I am gonna jump straight into those next steps I was talking about in my last post. Because these doctors did not give me much time to breathe and accept the whole newness of the OCD diagnosis. Nope, they went into action mode.
First, I got a 10-minute call to tell me that before starting therapy I would have to up my medication (citalopram) to 60mg. Tripling what I take now! Optimisation is what they call it. If that does not work we will also do therapy but apparently, some people are fine just bobbing through life on 60mg of SSRI so I might not need it.
Then, I had an actual face to face appointment with the psychiatrist that would guide me through the hazards of the tripling. And hazardous it is, first side effect: writers block. I have been staring at this sentence for about two days now.
So, enough of that. During above mentioned appointment I got told the following: “Start taking 40 mg tomorrow and then after a week go to 60mg.” My immediate thought was.. no fucking way! I mean, why? Seriously, fuck off!

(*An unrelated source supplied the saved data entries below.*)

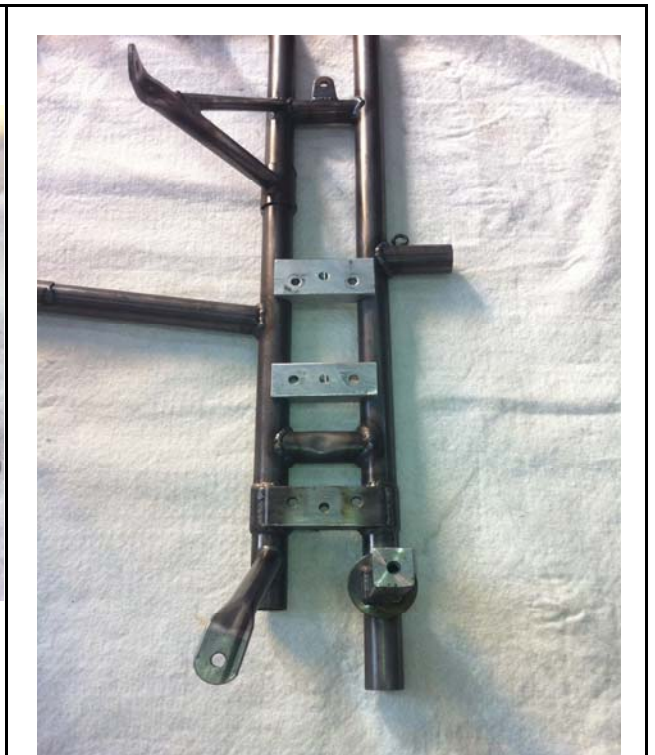
Photo of the frame from the back with the section of the support for the RTPS (Rear Tire Protection System)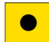
1 Minute rule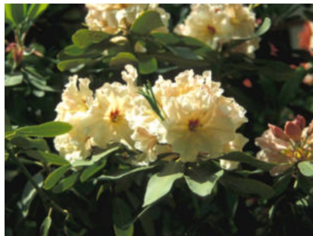
‘James Allison’ – Cream with red blotch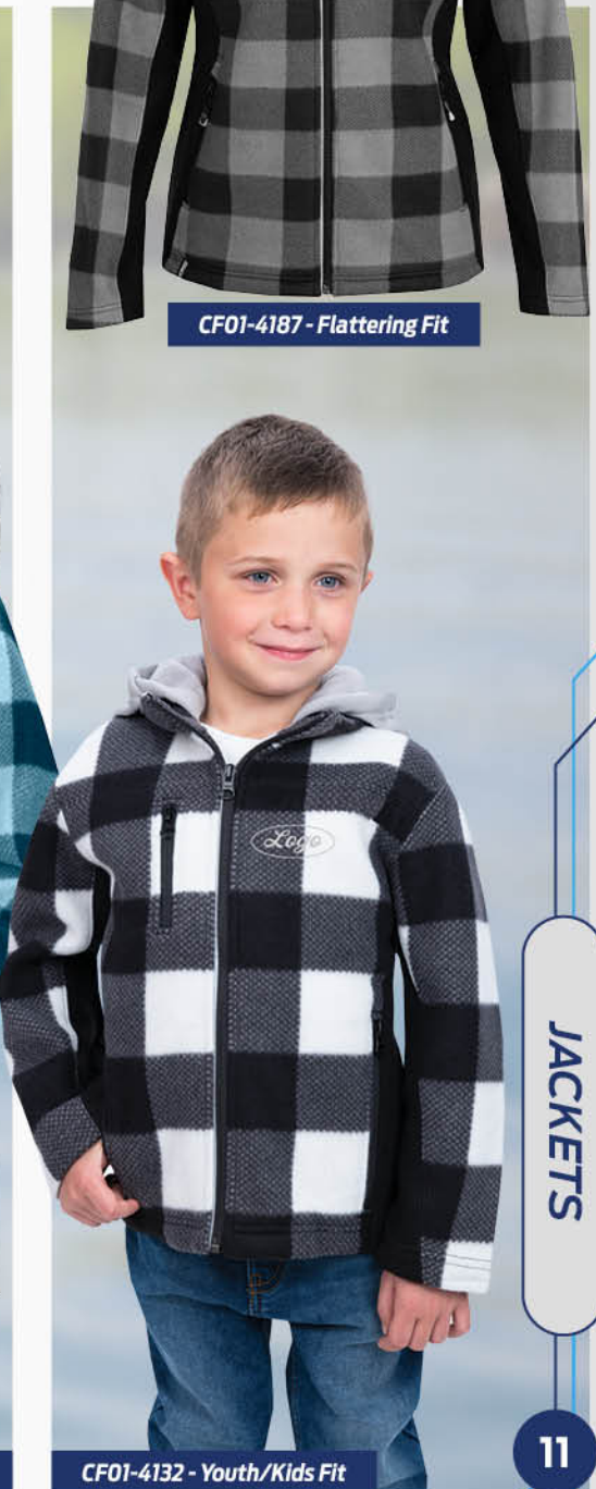
CF01-4132 - Youth/Kids Fit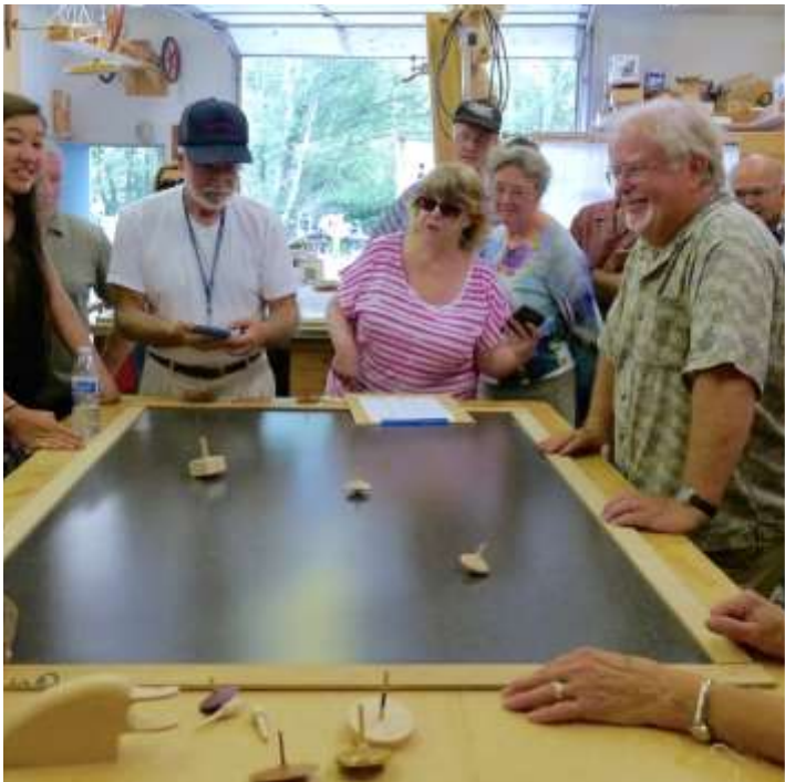
I'm sure that my top is going to win

If you find above reaction over the top read This Post for some insight in my previous medication drama.
What actually came out was something along the lines of “ehm any chance we can go slower?” To which the guy (should I call him doctor?) pretty reasonably said “Why wait? Basically, you’re gonna feel like shit for a while anyway, better get it over with quickly.” He was right of course.
However, the next day when I was staring into the medicine box, yes, I’ve got a medicine box, it is pink, I took 30mg instead of the agreed to 40. Because I am stubborn/scared like that. It took me a week longer to get to 40mg and that is where I am at now two weeks later.

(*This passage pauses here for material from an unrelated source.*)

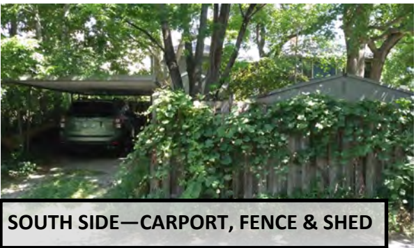
SOUTH SIDE—CARPORT, FENCE & SHED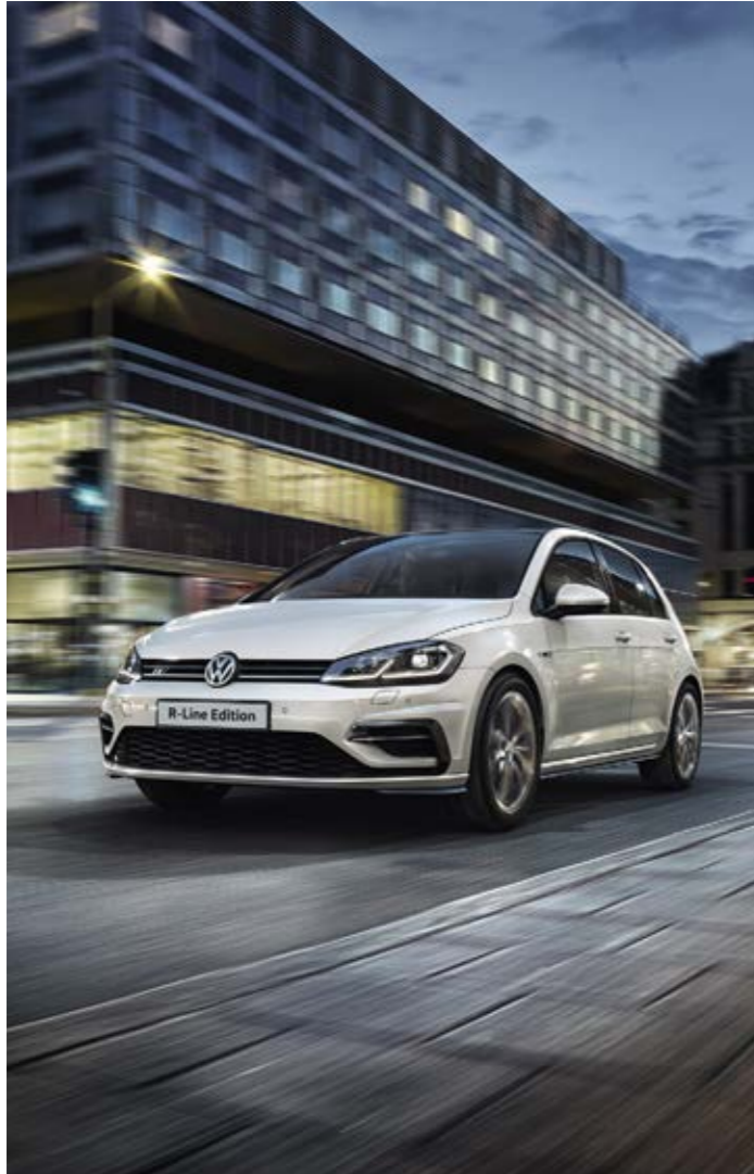
Model shown is Golf R-Line Edition with optional 18" 'Sebring' alloy wheels, panoramic sunroof and Oryx White premium signature paint.

I have to be honest here and say that even though I have sweat attacks am intensely tired have tinnitus and some weird blurry vision things going on, it is actually easier than I thought. Still pretty freaky on a daily basis but so far doable. According to my doctor guy all those things are super normal (seriously) and so far, so good.

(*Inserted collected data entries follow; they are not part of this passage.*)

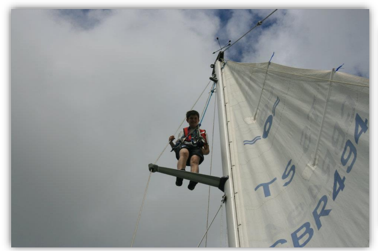
We smile up the mast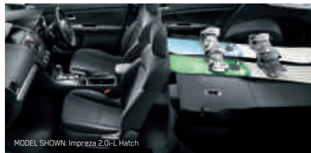
MODEL SHOWN: Impreza 2.0i-L Hatch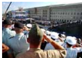
In Remembrance, 9/11/2001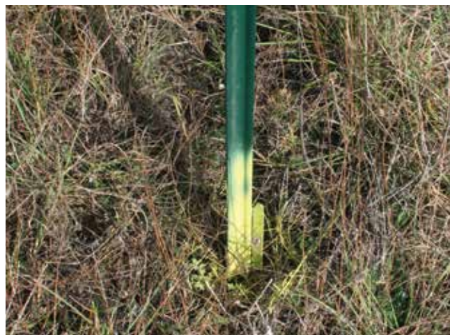
Figure 1. Marking the base of a photo point with spray paint will help monitor erosion over time.

Land managers should conduct activities that will improve land productivity by reducing erosion, promote greater rainfall infiltration, slow the rate of invasion by undesirable species, and sustain the land during times of drought (McGinty and White, 2000). One can evaluate the success of a project by monitoring wildlife populations, but without understanding the reasons why they are increasing or decreasing, a land manager cannot make informed decisions for future management. Therefore, based on the stated goals for the restoration project, monitoring the plant communities will help provide more definitive results. When developing a monitoring and management program, it is essential to base the techniques used on the initial restoration goals to also fit your specific land management goals (Masters, 1997).

I saw him yesterday again and I must say that he knows how to deal with me. When I told him I was taking it slow he said “fine but is that common sense, or fear driven?”. Super annoying but super right. When I asked him if I could not just try on 40mg he told me “sure you can, then in 12 weeks if it doesn’t work, you will have to go up to 60 anyway”. I hate that guy!
Yesterday I got an ECG in the hospital as well because with the amount of Citalopram I am taking there is this teeny tiny risk that it messes with my heart rhythm. Yay, that is exactly what we anxiety dorks need.
Until I get the results I am not allowed to go to 60mg. Which seems like a win but waiting for results does my head no good either.
Aargh! I know! How annoying am I?! No winning with me really, is there? Sorry guys, it frustrates the hell out of me too. I’ll just go to bed now and try to sleep through the tinnitus and the sweats.
Thanks for baring with me, who knows maybe in about a year I’ll be normal! Man, how boring would that be. See, no winning here. Byeee!